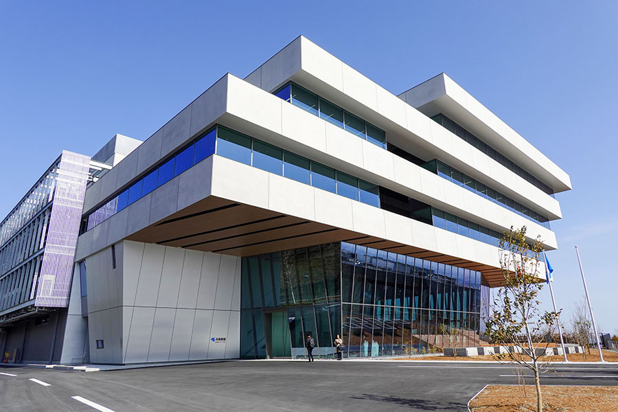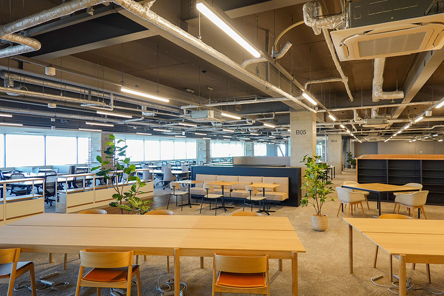 地下1階・地上5階(延床面積3万3323㎡)の建物の中心となる3階に執務エリアを構え、研究開発本部・製造本部・品質安全保証本部の計800名が同一フロアに集う(最大収容人数1400人)。ABW(仕事の内容に合わせて働く場所を自由に選択する働き方)を導入し、座席はフリーアドレスのほか、集中ブースや壁一面のガラスに自由に書き込めるアイデアルームといった多様な空間を用意した。社員が働きやすい環境を構築することで部門の垣根を超えたコミュニケーションを生み出し、技術交流やアイデア創出につなげる狙いだ。
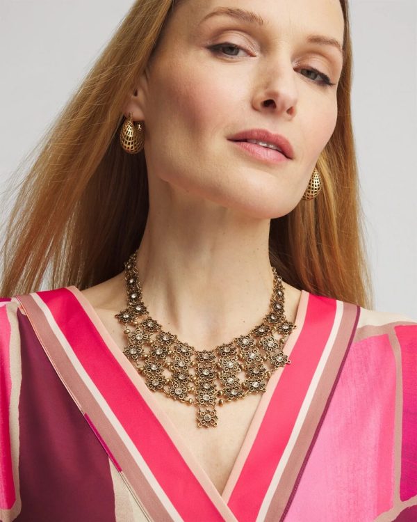 Showstopper Alert— Meet Chico’s new must-have for the season (and all seasons) — the Sparkle Lace Bib Necklace. Pair with matching wrap cuff, and all the glamorous Chico’s bracelets, earrings, and necklaces and wear with dressed-up or dressed down outfits.
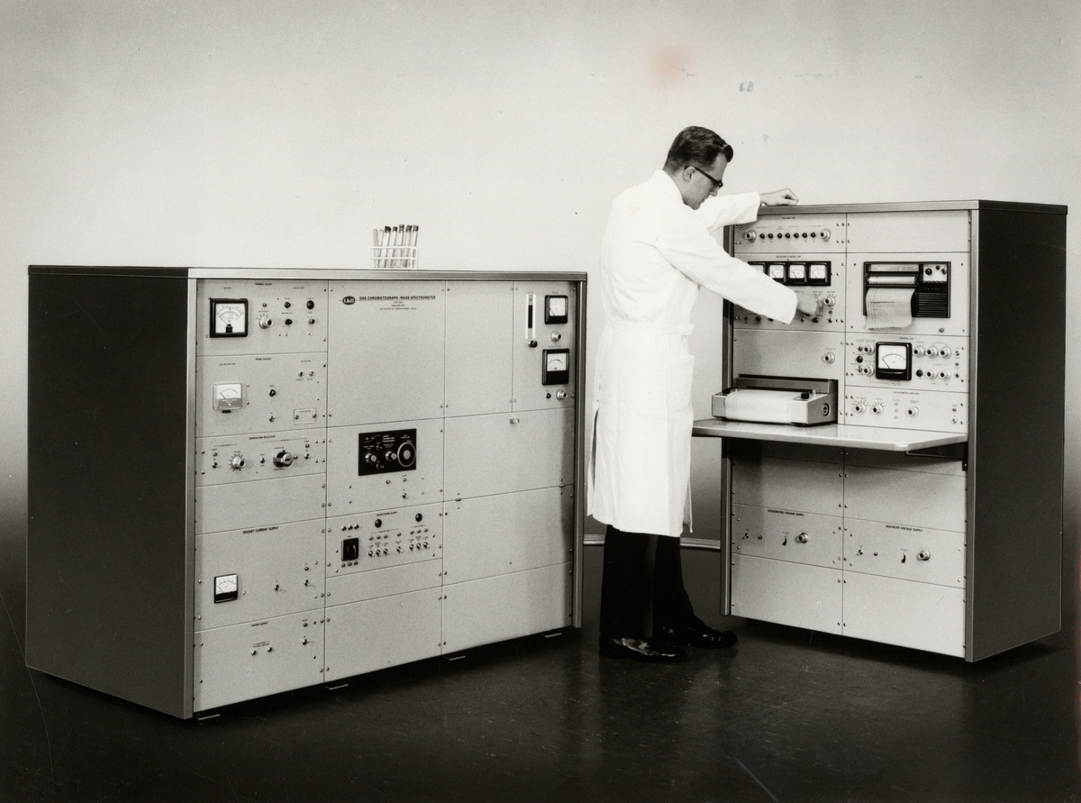 Gaskromatograf - masspektrometer. För separering och analys av biologiska substanser, i mängder ner till 1/100 000 000- dels gram. LKB-produkter AB, Bromma, 1965.
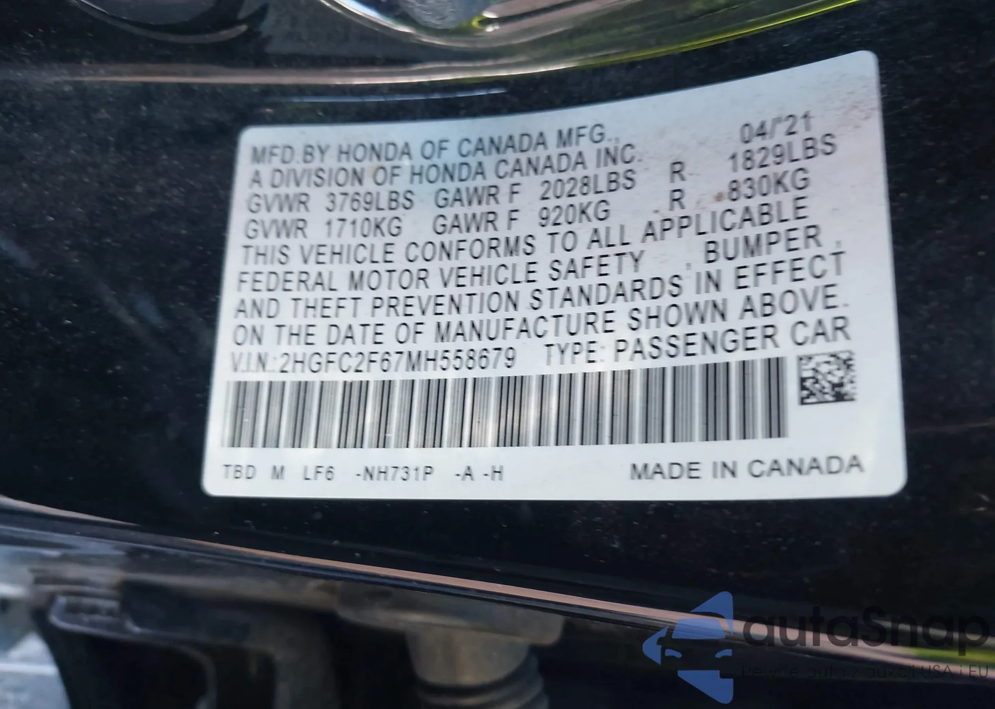 VIN: 2HGFC2F67MH558679
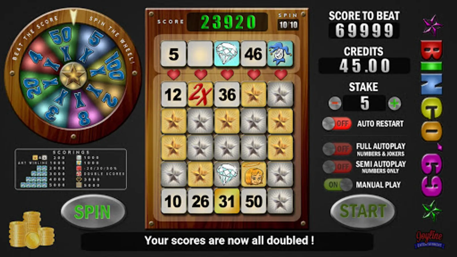 The game consists of 10 rounds (we managed to reduce from the original 20 rounds to make gameplay compact). Roll the numbers on top and match them on the board to collect as many points as you can. Match five numbers horizontal, vertical and diagonal for extra points (winlines).
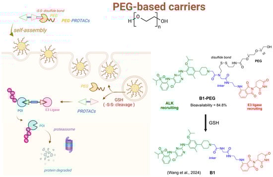 Wang and colleagues (2024) explored a novel strategy to enhance the permeability of PROTACs by designing an amphiphilic PROTAC incorporating a long-chain polyethylene glycol (PEG) linked to a disulfide bond, which acts as a glutathione-responsive subunit, allowing for selective cleavage inside tumor cells. The authors focused on degrading the echinoderm microtubule-associated protein-like 4-anaplastic lymphoma kinase (EML4-ALK), a protein implicated in several cancers, including non-small cell lung cancer (NSCLC). By using this protein as the target, they employed ceritinib as the ligand and pomalidomide for cereblon (CRBN) recognition by the E3 ligase. PEG was chosen as the linker due to its hydrophilic properties, and the amphiphilic nature of the PROTAC led the authors to hypothesize that the pro-PROTAC could self-assemble into micelles in aqueous environments, significantly improving its solubility. Given the high glutathione levels in tumor cells, the disulfide bond would be reduced and cleaved, facilitating PROTAC release within tumor cells. The authors demonstrated the antiproliferative effects of the PROTAC through ALK degradation. In vivo, the pro-PROTAC B1-PEG exhibited an impressive absolute bioavailability of 84.8%, compared to 63.5% for the conventional PROTAC. Moreover, studies using the H3122 xenograft mouse model demonstrated the superior efficacy of the pro-PROTAC over both the conventional PROTAC and ceritinib, highlighting the enhanced physicochemical properties and cell permeability of the pro-PROTAC (Figure 6) [206].
:::::
== ACTIVITY ==
Write out the entries above verbatim; the pictures do not belong in your copy.

== FINISHED TASK ==
 地下1階・地上5階(延床面積3万3323㎡)の建物の中心となる3階に執務エリアを構え、研究開発本部・製造本部・品質安全保証本部の計800名が同一フロアに集う(最大収容人数1400人)。ABW(仕事の内容に合わせて働く場所を自由に選択する働き方)を導入し、座席はフリーアドレスのほか、集中ブースや壁一面のガラスに自由に書き込めるアイデアルームといった多様な空間を用意した。社員が働きやすい環境を構築することで部門の垣根を超えたコミュニケーションを生み出し、技術交流やアイデア創出につなげる狙いだ。
 Showstopper Alert— Meet Chico’s new must-have for the season (and all seasons) — the Sparkle Lace Bib Necklace. Pair with matching wrap cuff, and all the glamorous Chico’s bracelets, earrings, and necklaces and wear with dressed-up or dressed down outfits.
 Gaskromatograf - masspektrometer. För separering och analys av biologiska substanser, i mängder ner till 1/100 000 000- dels gram. LKB-produkter AB, Bromma, 1965.
 VIN: 2HGFC2F67MH558679
 The game consists of 10 rounds (we managed to reduce from the original 20 rounds to make gameplay compact). Roll the numbers on top and match them on the board to collect as many points as you can. Match five numbers horizontal, vertical and diagonal for extra points (winlines).
 Wang and colleagues (2024) explored a novel strategy to enhance the permeability of PROTACs by designing an amphiphilic PROTAC incorporating a long-chain polyethylene glycol (PEG) linked to a disulfide bond, which acts as a glutathione-responsive subunit, allowing for selective cleavage inside tumor cells. The authors focused on degrading the echinoderm microtubule-associated protein-like 4-anaplastic lymphoma kinase (EML4-ALK), a protein implicated in several cancers, including non-small cell lung cancer (NSCLC). By using this protein as the target, they employed ceritinib as the ligand and pomalidomide for cereblon (CRBN) recognition by the E3 ligase. PEG was chosen as the linker due to its hydrophilic properties, and the amphiphilic nature of the PROTAC led the authors to hypothesize that the pro-PROTAC could self-assemble into micelles in aqueous environments, significantly improving its solubility. Given the high glutathione levels in tumor cells, the disulfide bond would be reduced and cleaved, facilitating PROTAC release within tumor cells. The authors demonstrated the antiproliferative effects of the PROTAC through ALK degradation. In vivo, the pro-PROTAC B1-PEG exhibited an impressive absolute bioavailability of 84.8%, compared to 63.5% for the conventional PROTAC. Moreover, studies using the H3122 xenograft mouse model demonstrated the superior efficacy of the pro-PROTAC over both the conventional PROTAC and ceritinib, highlighting the enhanced physicochemical properties and cell permeability of the pro-PROTAC (Figure 6) [206].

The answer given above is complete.